(Excerpts from a dataset)
——————
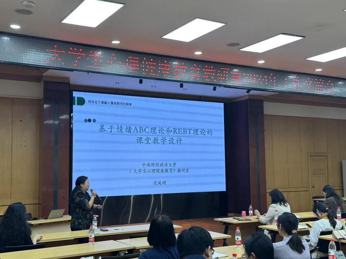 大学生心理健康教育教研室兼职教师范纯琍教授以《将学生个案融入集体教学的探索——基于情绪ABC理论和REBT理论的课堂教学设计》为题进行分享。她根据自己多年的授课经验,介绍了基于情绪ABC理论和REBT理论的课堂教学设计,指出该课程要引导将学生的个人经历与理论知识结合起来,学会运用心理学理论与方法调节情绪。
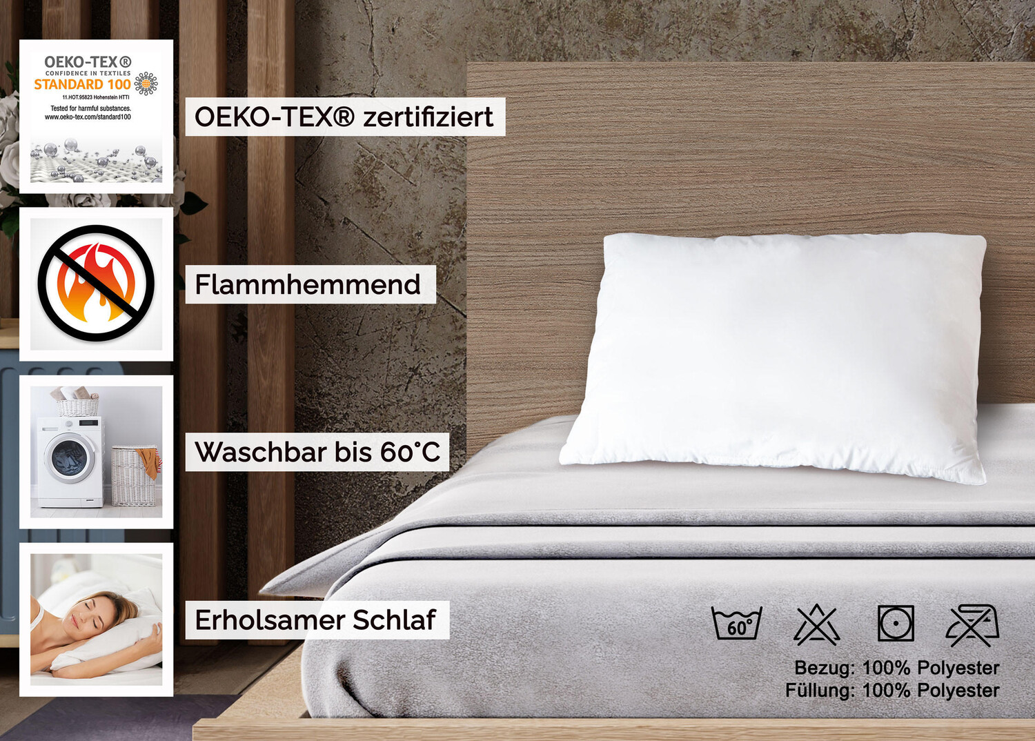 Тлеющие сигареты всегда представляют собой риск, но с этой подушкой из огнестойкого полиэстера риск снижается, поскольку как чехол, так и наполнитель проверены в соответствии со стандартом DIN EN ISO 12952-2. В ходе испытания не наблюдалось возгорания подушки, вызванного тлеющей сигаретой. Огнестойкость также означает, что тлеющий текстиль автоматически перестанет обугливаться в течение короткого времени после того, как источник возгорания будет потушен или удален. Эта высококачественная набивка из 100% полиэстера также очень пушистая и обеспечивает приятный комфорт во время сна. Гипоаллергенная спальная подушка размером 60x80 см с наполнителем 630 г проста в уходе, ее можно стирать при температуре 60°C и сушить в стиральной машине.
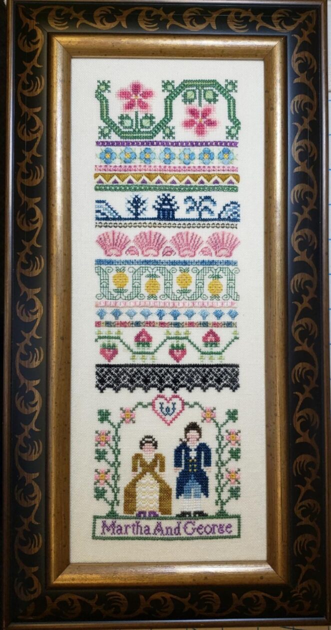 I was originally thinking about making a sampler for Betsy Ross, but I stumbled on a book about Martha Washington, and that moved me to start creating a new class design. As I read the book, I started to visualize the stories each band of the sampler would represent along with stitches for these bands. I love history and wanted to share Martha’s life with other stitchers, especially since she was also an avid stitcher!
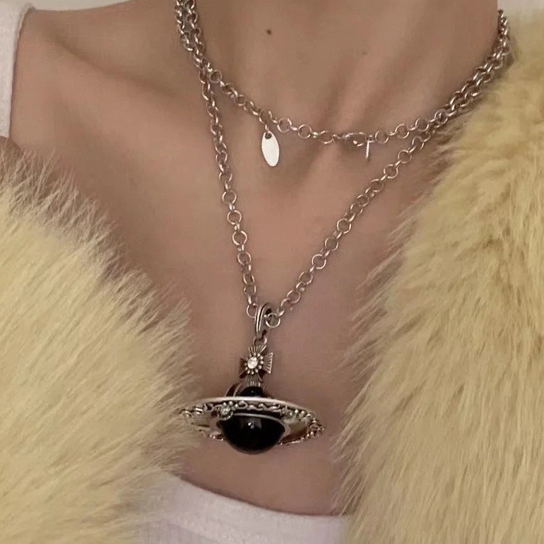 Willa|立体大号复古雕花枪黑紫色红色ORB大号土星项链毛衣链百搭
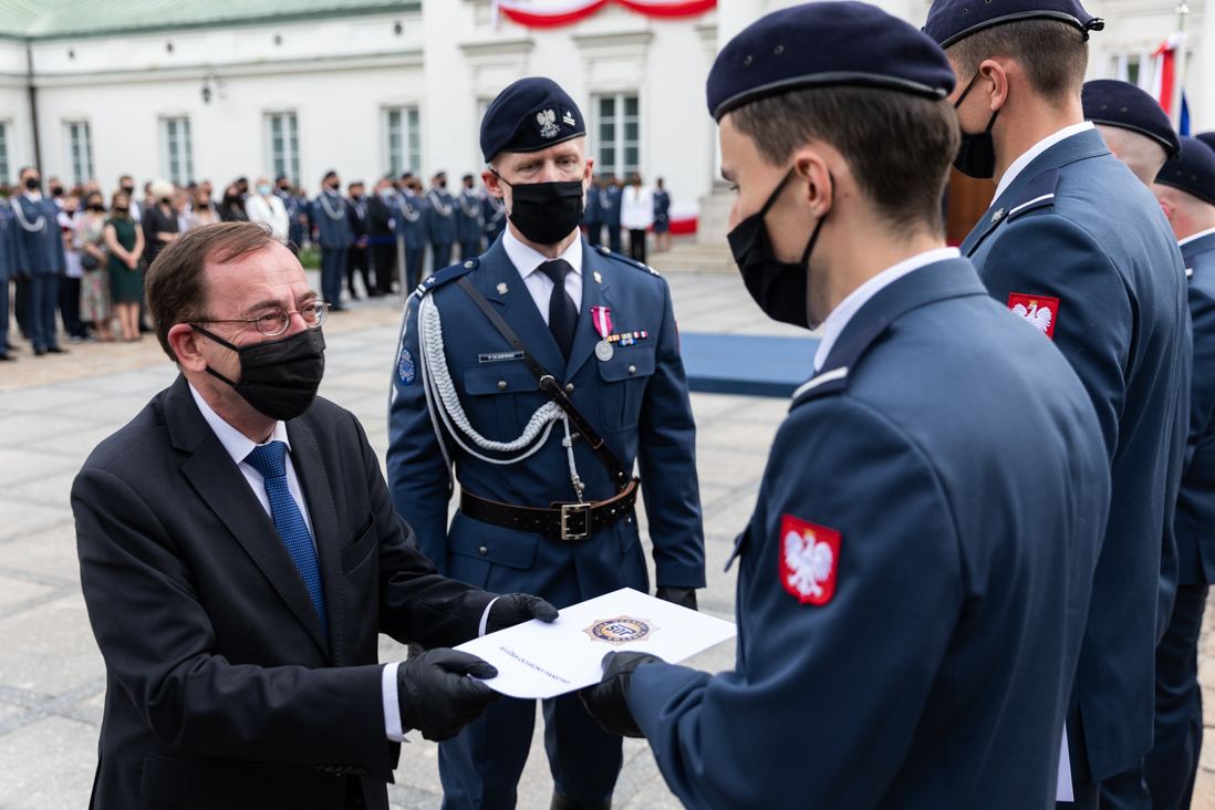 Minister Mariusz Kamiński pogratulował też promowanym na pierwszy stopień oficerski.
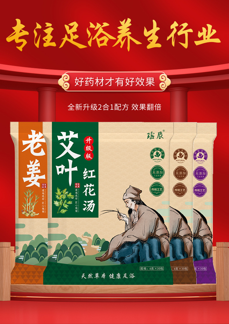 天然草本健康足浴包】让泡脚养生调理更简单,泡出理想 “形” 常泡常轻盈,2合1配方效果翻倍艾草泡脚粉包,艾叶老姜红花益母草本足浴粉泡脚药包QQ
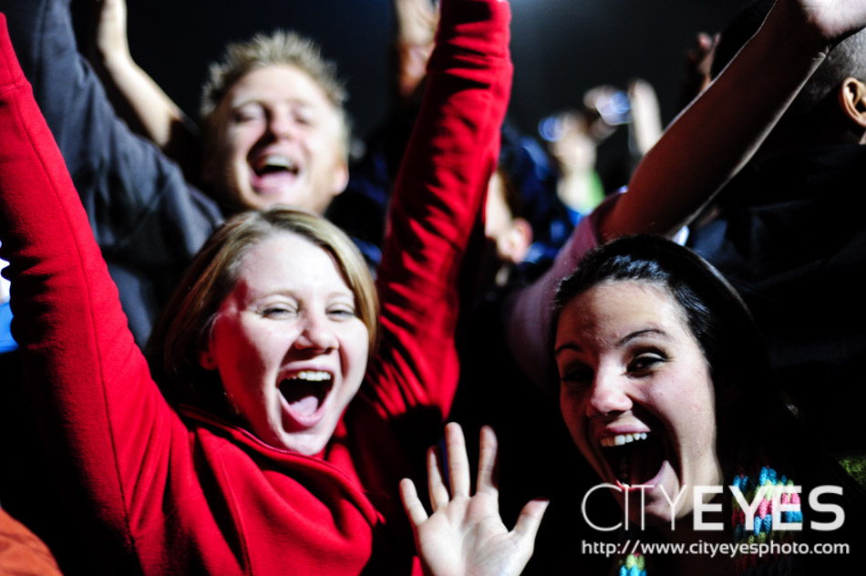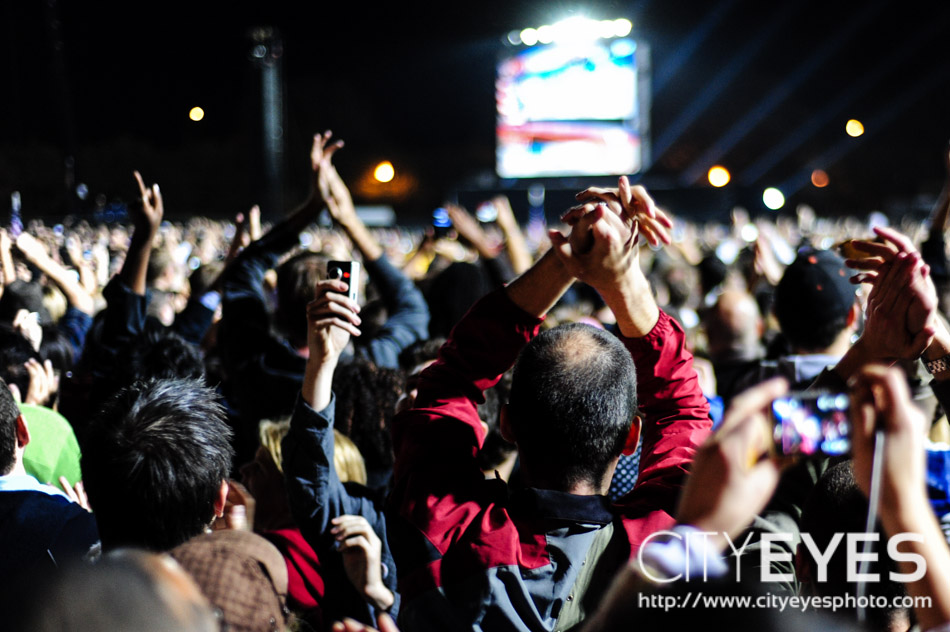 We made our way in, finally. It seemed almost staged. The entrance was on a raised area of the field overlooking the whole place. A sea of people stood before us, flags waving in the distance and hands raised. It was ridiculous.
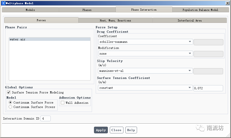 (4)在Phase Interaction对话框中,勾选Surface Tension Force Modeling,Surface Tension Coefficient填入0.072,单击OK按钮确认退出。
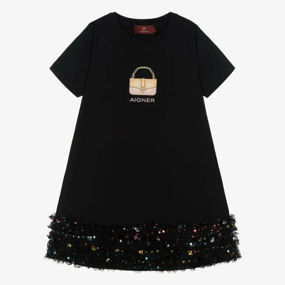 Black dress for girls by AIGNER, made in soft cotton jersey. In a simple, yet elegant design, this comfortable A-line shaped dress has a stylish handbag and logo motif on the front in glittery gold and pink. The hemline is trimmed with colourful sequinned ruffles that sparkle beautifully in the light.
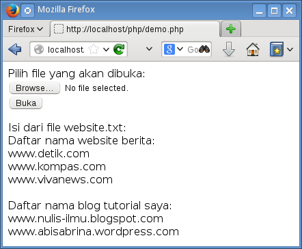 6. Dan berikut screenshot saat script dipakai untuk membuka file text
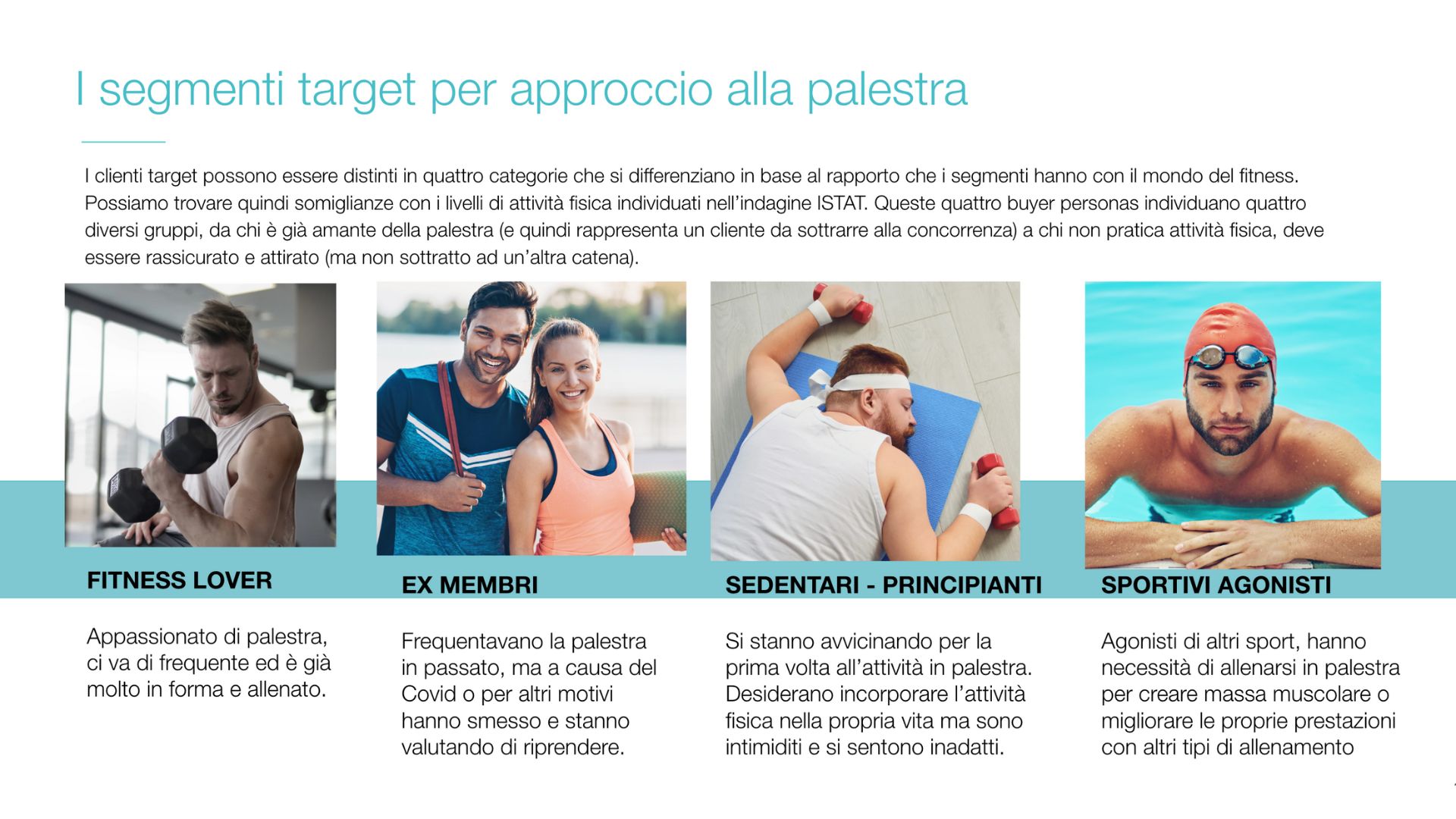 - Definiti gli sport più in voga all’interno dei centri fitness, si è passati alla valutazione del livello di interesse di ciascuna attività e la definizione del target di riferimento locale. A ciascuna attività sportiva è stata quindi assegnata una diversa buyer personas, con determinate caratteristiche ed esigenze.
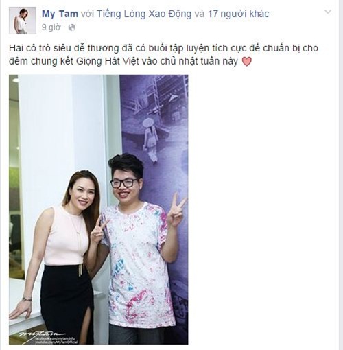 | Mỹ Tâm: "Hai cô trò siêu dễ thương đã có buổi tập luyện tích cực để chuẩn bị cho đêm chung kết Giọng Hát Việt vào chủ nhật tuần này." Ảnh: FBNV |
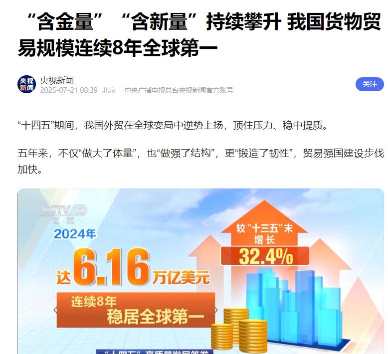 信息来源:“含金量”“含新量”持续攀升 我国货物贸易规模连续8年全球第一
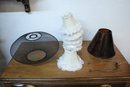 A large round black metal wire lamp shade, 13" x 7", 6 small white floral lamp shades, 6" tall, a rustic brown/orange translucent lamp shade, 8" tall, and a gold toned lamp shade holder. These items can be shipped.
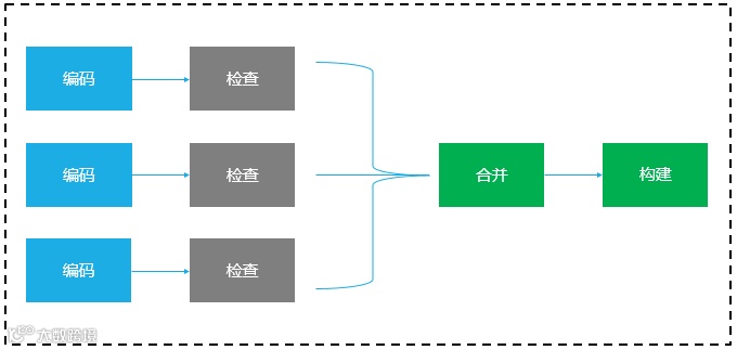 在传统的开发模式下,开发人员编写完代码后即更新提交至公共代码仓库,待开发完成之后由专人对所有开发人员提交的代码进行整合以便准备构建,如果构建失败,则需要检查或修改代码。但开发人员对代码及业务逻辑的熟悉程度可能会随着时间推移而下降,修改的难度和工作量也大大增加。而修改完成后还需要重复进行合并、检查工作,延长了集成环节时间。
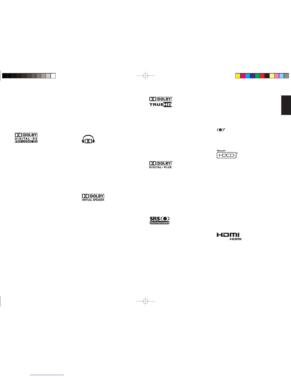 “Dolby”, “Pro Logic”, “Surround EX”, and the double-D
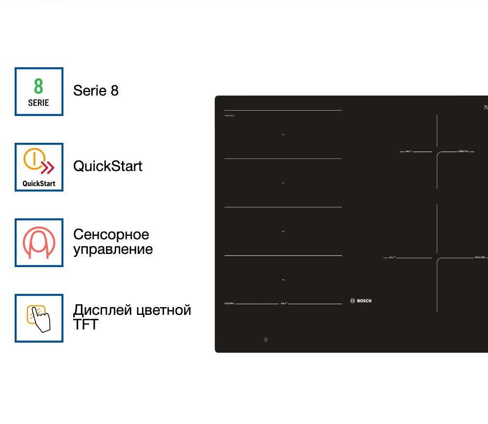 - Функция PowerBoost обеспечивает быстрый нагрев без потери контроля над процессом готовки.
——————
§ ACTION ITEM
Word for word, reproduce all of the entries above and omit the pictures.

§ RESPONSE BOX
 大学生心理健康教育教研室兼职教师范纯琍教授以《将学生个案融入集体教学的探索——基于情绪ABC理论和REBT理论的课堂教学设计》为题进行分享。她根据自己多年的授课经验,介绍了基于情绪ABC理论和REBT理论的课堂教学设计,指出该课程要引导将学生的个人经历与理论知识结合起来,学会运用心理学理论与方法调节情绪。
 Тлеющие сигареты всегда представляют собой риск, но с этой подушкой из огнестойкого полиэстера риск снижается, поскольку как чехол, так и наполнитель проверены в соответствии со стандартом DIN EN ISO 12952-2. В ходе испытания не наблюдалось возгорания подушки, вызванного тлеющей сигаретой. Огнестойкость также означает, что тлеющий текстиль автоматически перестанет обугливаться в течение короткого времени после того, как источник возгорания будет потушен или удален. Эта высококачественная набивка из 100% полиэстера также очень пушистая и обеспечивает приятный комфорт во время сна. Гипоаллергенная спальная подушка размером 60x80 см с наполнителем 630 г проста в уходе, ее можно стирать при температуре 60°C и сушить в стиральной машине.
 I was originally thinking about making a sampler for Betsy Ross, but I stumbled on a book about Martha Washington, and that moved me to start creating a new class design. As I read the book, I started to visualize the stories each band of the sampler would represent along with stitches for these bands. I love history and wanted to share Martha’s life with other stitchers, especially since she was also an avid stitcher!
 Willa|立体大号复古雕花枪黑紫色红色ORB大号土星项链毛衣链百搭
 Minister Mariusz Kamiński pogratulował też promowanym na pierwszy stopień oficerski.
 天然草本健康足浴包】让泡脚养生调理更简单,泡出理想 “形” 常泡常轻盈,2合1配方效果翻倍艾草泡脚粉包,艾叶老姜红花益母草本足浴粉泡脚药包QQ
 We made our way in, finally. It seemed almost staged. The entrance was on a raised area of the field overlooking the whole place. A sea of people stood before us, flags waving in the distance and hands raised. It was ridiculous.
 (4)在Phase Interaction对话框中,勾选Surface Tension Force Modeling,Surface Tension Coefficient填入0.072,单击OK按钮确认退出。
 Black dress for girls by AIGNER, made in soft cotton jersey. In a simple, yet elegant design, this comfortable A-line shaped dress has a stylish handbag and logo motif on the front in glittery gold and pink. The hemline is trimmed with colourful sequinned ruffles that sparkle beautifully in the light.
 6. Dan berikut screenshot saat script dipakai untuk membuka file text
 - Definiti gli sport più in voga all’interno dei centri fitness, si è passati alla valutazione del livello di interesse di ciascuna attività e la definizione del target di riferimento locale. A ciascuna attività sportiva è stata quindi assegnata una diversa buyer personas, con determinate caratteristiche ed esigenze.
 | Mỹ Tâm: "Hai cô trò siêu dễ thương đã có buổi tập luyện tích cực để chuẩn bị cho đêm chung kết Giọng Hát Việt vào chủ nhật tuần này." Ảnh: FBNV |
 信息来源:“含金量”“含新量”持续攀升 我国货物贸易规模连续8年全球第一
 A large round black metal wire lamp shade, 13" x 7", 6 small white floral lamp shades, 6" tall, a rustic brown/orange translucent lamp shade, 8" tall, and a gold toned lamp shade holder. These items can be shipped.
 在传统的开发模式下,开发人员编写完代码后即更新提交至公共代码仓库,待开发完成之后由专人对所有开发人员提交的代码进行整合以便准备构建,如果构建失败,则需要检查或修改代码。但开发人员对代码及业务逻辑的熟悉程度可能会随着时间推移而下降,修改的难度和工作量也大大增加。而修改完成后还需要重复进行合并、检查工作,延长了集成环节时间。
 “Dolby”, “Pro Logic”, “Surround EX”, and the double-D
 - Функция PowerBoost обеспечивает быстрый нагрев без потери контроля над процессом готовки.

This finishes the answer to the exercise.